Personal information
- Born: January 17, 1998 (age 28) Waterbury, Connecticut, U.S.
- Listed height: 6 ft 9 in (2.06 m)
- Listed weight: 200 lb (91 kg)

Career information
- High school: Sacred Heart (Waterbury, Connecticut)
- College: UMass (2016–2017); LIU (2018–2022);
- NBA draft: 2022: undrafted
- Playing career: 2022–present
- Position: Power forward / center

Career history
- 2022: Ontario Clippers
- 2023: Sheffield Sharks
- 2023: Svendborg Rabbits
- 2023–2026: AEL Limassol
- 2026-: Keravnos B.C.

Career highlights
- First-team All-NEC (2022); 2× Second-team All-NEC (2020, 2021); Third-team All-NEC (2019);

= Tyrn Flowers =

American basketball player

Tyrn Bryan Flowers (born January 17, 1998) is an American professional basketball player. He played college basketball for the Long Island University.

==Early life and high school==
Flowers attended Sacred Heart High School in Waterbury, Connecticut, where he was a 3-star recruit according to ESPN and 247Sports. He was number 4 in his recruiting class in Connecticut, number 45 small forward, number 54 in the Northeast region. He played AAU for NY RENS basketball.

In April 2016, Flowers committed to University of Massachusetts Amherst He chose them over Boston College, Maryland, and Providence College.

==College career==

=== University of Massachusetts Amherst (2016–2017) ===
As a freshman at University of Massachusetts Amherst, he made 33 appearances and started five games. He averaged 4.5 points and 2.6 rebounds per game.

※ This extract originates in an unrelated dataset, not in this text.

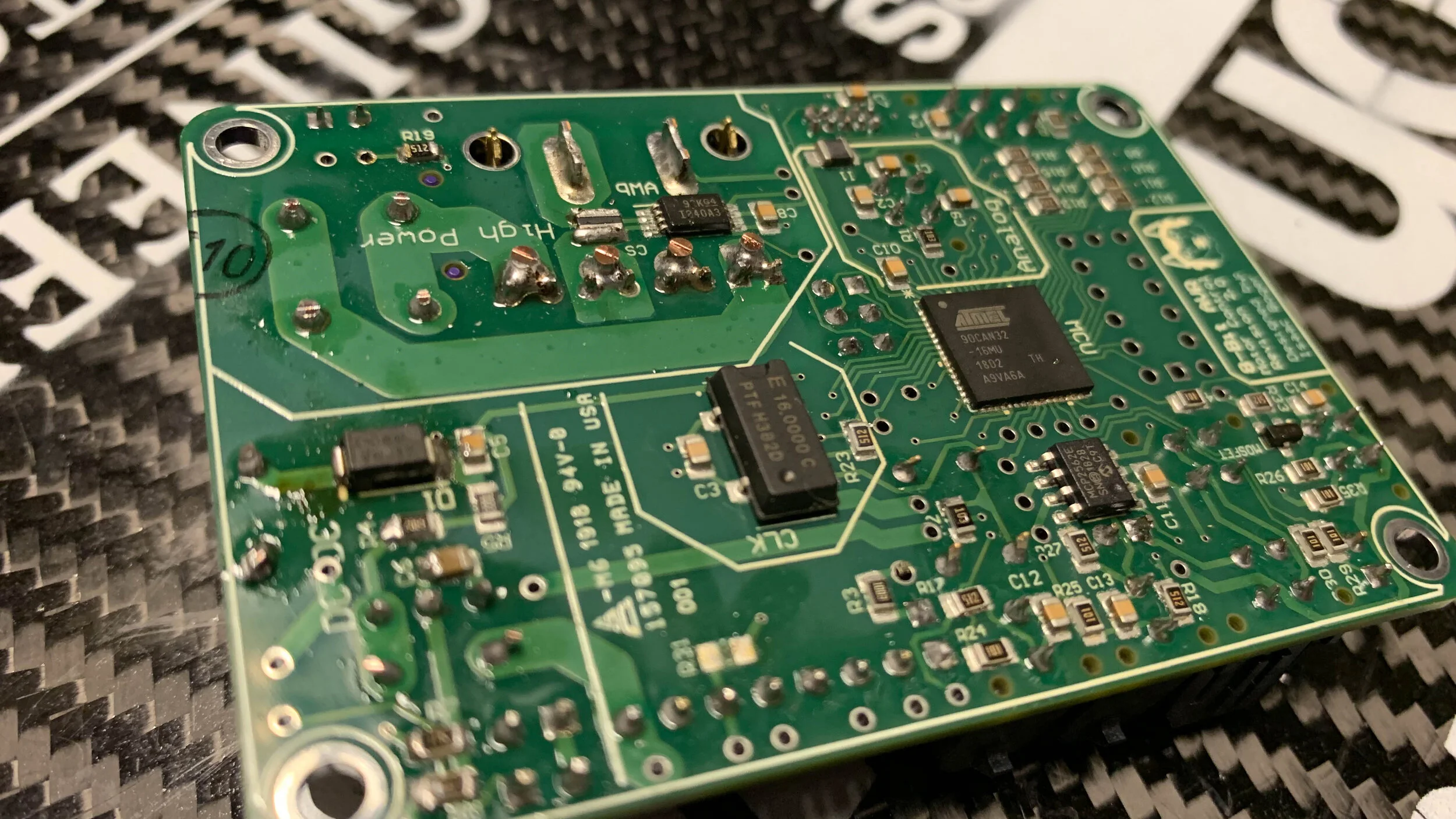 (daughterboard seen in upper right is produced by Pololu Corporation)

=== Long Island University (2018–2022) ===
Flowers transferred to Long Island University (LIU) and sat out the season due to NCAA transfer rules.

During the 2018–2019 season, Flowers was third-team All-NEC. He started all 32 games. He set new career highs in every single category including points, rebounds, assists, and blocks. He finished the year with 13.7 points per game.

During the 2019–2020 season, Flowers was second-team All-NEC. He appeared in 33 games and started in 32. He averaged 14.3 points, 9.6 rebounds and 2 assists per game. He led the team in rebounds and second in scoring.

On February 8, 2020, Flowers scored 25 points and grabbed 27 rebounds in a game, breaking the single-game rebound record of 26 set by Carey Scurry in 1983.

During the 2020–2021 season, he started every game and averaged 17.3 points, 8.4 rebounds and 3.5 assists per game. He scored in double figures in all but one game.

During the 2021–2022 season, Flowers was First Team All-NEC and NABC Division I All-District. He started in 29 games. He averaged 19.2 points, 7.8 rebounds and 3.2 assists per game. Flowers led the team in scoring, rebounds, three-point percentage, and free throw percentage.

On April 27, 2022, Flowers was named the Male Athlete of the Year at the 2022 LIU Athletic Awards.

==Professional career==

===Wisconsin Herd (2022)===
Flowers was drafted by the Wisconsin Herd in the first round as the 23rd pick. On October 28, 2022, his contract was placed on waivers.

===Ontario Clippers (2022)===
On November 27, 2022, the Ontario Clippers claimed Flowers from the player pool. On December 6, 2022, the Clippers placed his contract on waivers.

===Sheffield Sharks (2023)===
In January 2023, Flowers signed with the Sheffield Sharks of the Super League Basketball.

===Svendborg Rabbits (2023)===
On August 22, 2023, Flowers signed a two-year deal with Svendborg Rabbits of the Basketligaen. However, Rabbits management terminated the contract on November 2, 2023, due to what was termed unprofessional behavior. He had played seven games with the Rabbits.

===AEL Limassol (2023–2025)===
On November 20, 2023, Flowers signed with AEL Limassol B.C. On August 17, 2024, he signed a two-year contract renewal.

On October 22, 2024, Flowers received a Hoops Agents Player of the Week award for Round 2. He had 33 points and 8 rebounds. On December 11, 2024, Flowers received a Hoops Agents Player of the Week award for Round 7. He had a double-double of 40 points and 12 rebounds. On December 23, 2024, Flowers received a Hoops Agents Player of the Week award for Round 10. He had a double-double of 31 points and 21 rebounds.